The recognition provisions in the Model Law – allowing for foreign insolvency processes to be recognised as main or non-main proceedings, and providing for a range of automatic and discretionary ancillary relief such as enforcement stays, examination orders and entrusting local assets to a foreign insolvency representative – have been central in achieving these outcomes.
However, equally significant are the provisions in the Model Law for court-to-court cooperation. These provisions not only build confidence and certainty between courts in granting recognition orders, but also provide a framework for cooperation even where a foreign insolvency process does not qualify as a main or non-main proceeding because it is not taking place where the debtor has its centre of main interests or an establishment.
Proactive cooperation and communication between courts – especially at an early stage of the insolvency process – may avoid the need for parallel proceedings altogether. Even if parallel proceedings have been instituted, court-to-court cooperation can enhance efficiency and reduce costs, including through the negotiation of communication protocols and the conduct of joint hearings. Cooperation can also lead to more consistent outcomes for creditors, aligned with the modified universalism which is aspired to as a core principle of cross-border insolvency law.
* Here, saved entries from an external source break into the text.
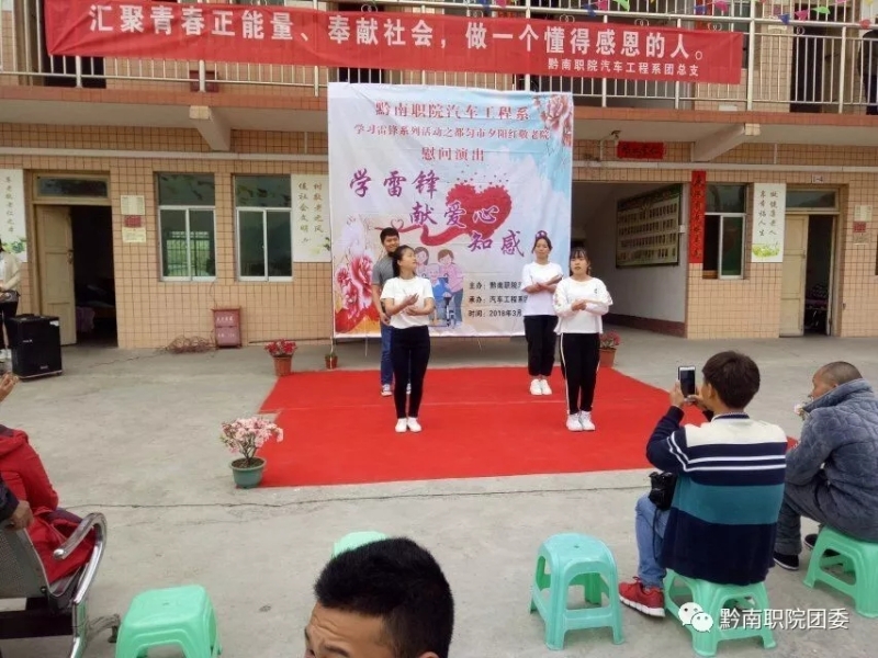 阳春三月,春意盎然。为践行雷锋精神,弘扬尊老、爱老、敬老、助老的中华民族传统美德,积极倡导“奉献、友爱、互助、进步”的志愿精神,引导同学们树立尊老、敬老的意识。3月22日上午,汽车工程系团总支组织学生30余名团干前往都匀夕阳红敬老院开展慰问演出活动。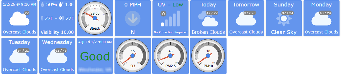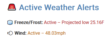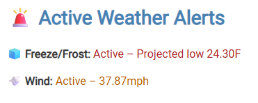 Active Weather Alerts (Freeze, Rain, Wind) All user configurable. -
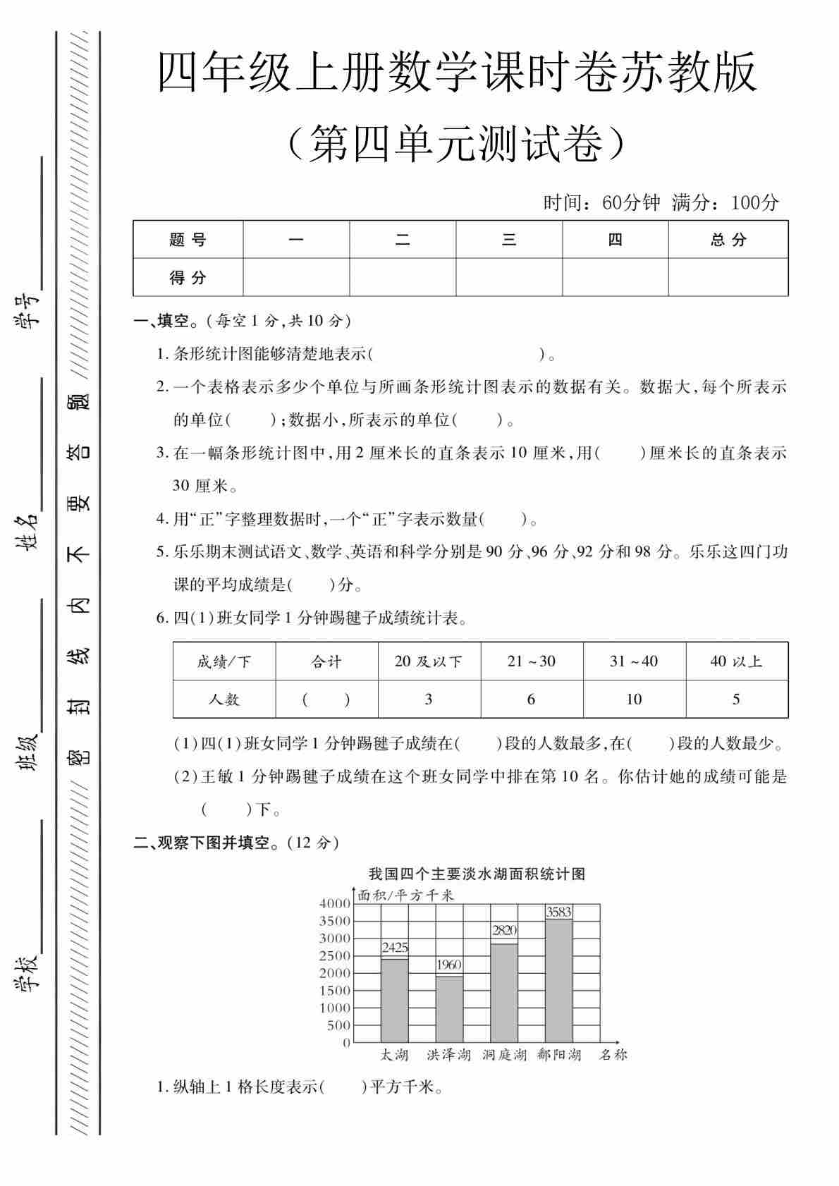 四上苏教版数学【第一次月考测试卷二】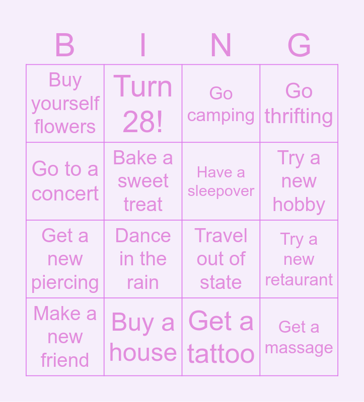This bingo card has 16 words: Buy a house, Try a new retaurant, Go camping, Buy yourself flowers, Get a new piercing, Turn 28!, Travel out of state, Get a tattoo, Go to a concert, Bake a sweet treat, Make a new friend, Go thrifting, Dance in the rain, Try a new hobby, Have a sleepover and Get a massage.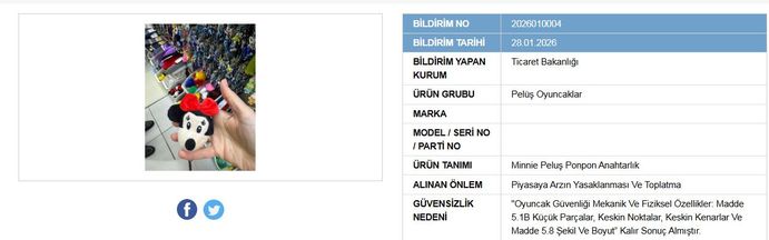 Bu kapsamda, riskli bulunan peluş oyuncağın piyasaya arzı yasaklanırken, satışta olan ürünlerin toplatılmasına karar verildi.

The purpose of this article is to explore the benefit of court-to-court cooperation protocols in cross-border insolvency matters, and to identify developments in multilateral and bilateral cooperation and communication agreements in the Asia-Pacific region both within and outside the Model Law framework.
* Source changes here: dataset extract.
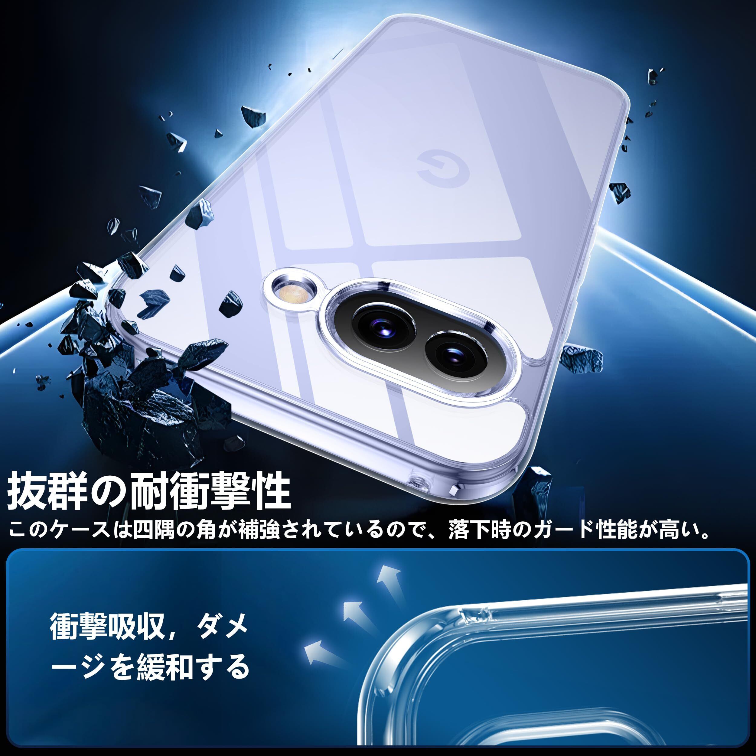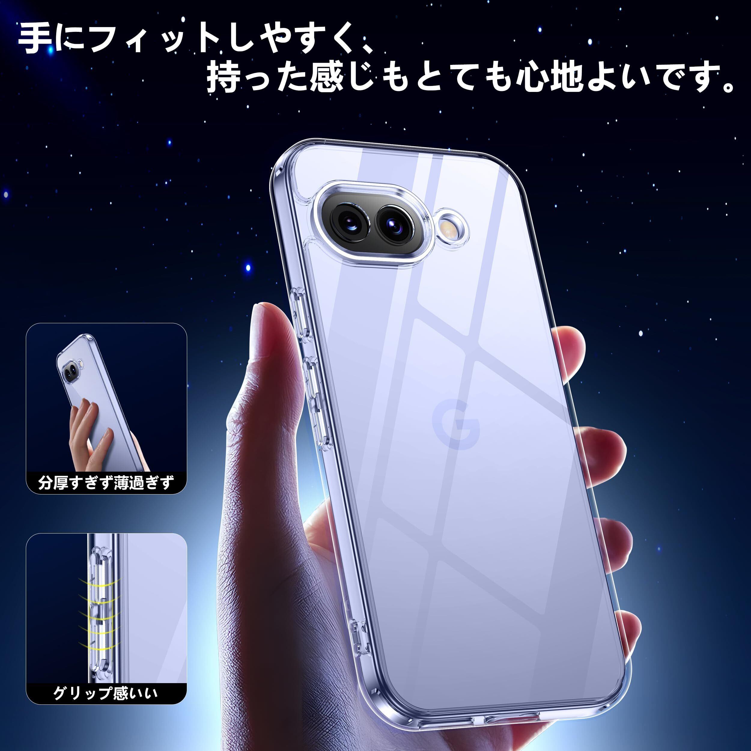 Google Pixel 9a 用ケース クリア 黄変防止 グーグルピクセル9a 専用 耐衝撃 ガラスフイルム保護付き 指紋防止 落下防止 耐久性 ストラップホール付 薄型 軽量 ソフトカバー ワイヤレス充電対応 googleピクセル9a用 XIWXI

It is suggested that the multilateral cooperation approach reflected in the principles established by the Judicial Insolvency Network (JIN) – which are complementary to the Model Law – along with broader judicial diplomacy initiatives such as those advanced by INSOL International, the World Bank and UNCITRAL – provide the greatest potential to facilitate proactive cooperation among courts in cross-border insolvency matters throughout the Asia-Pacific. These measures also provide a foundation to enhance the scope of substantive recognition and harmonisation outcomes in the best interests of creditors.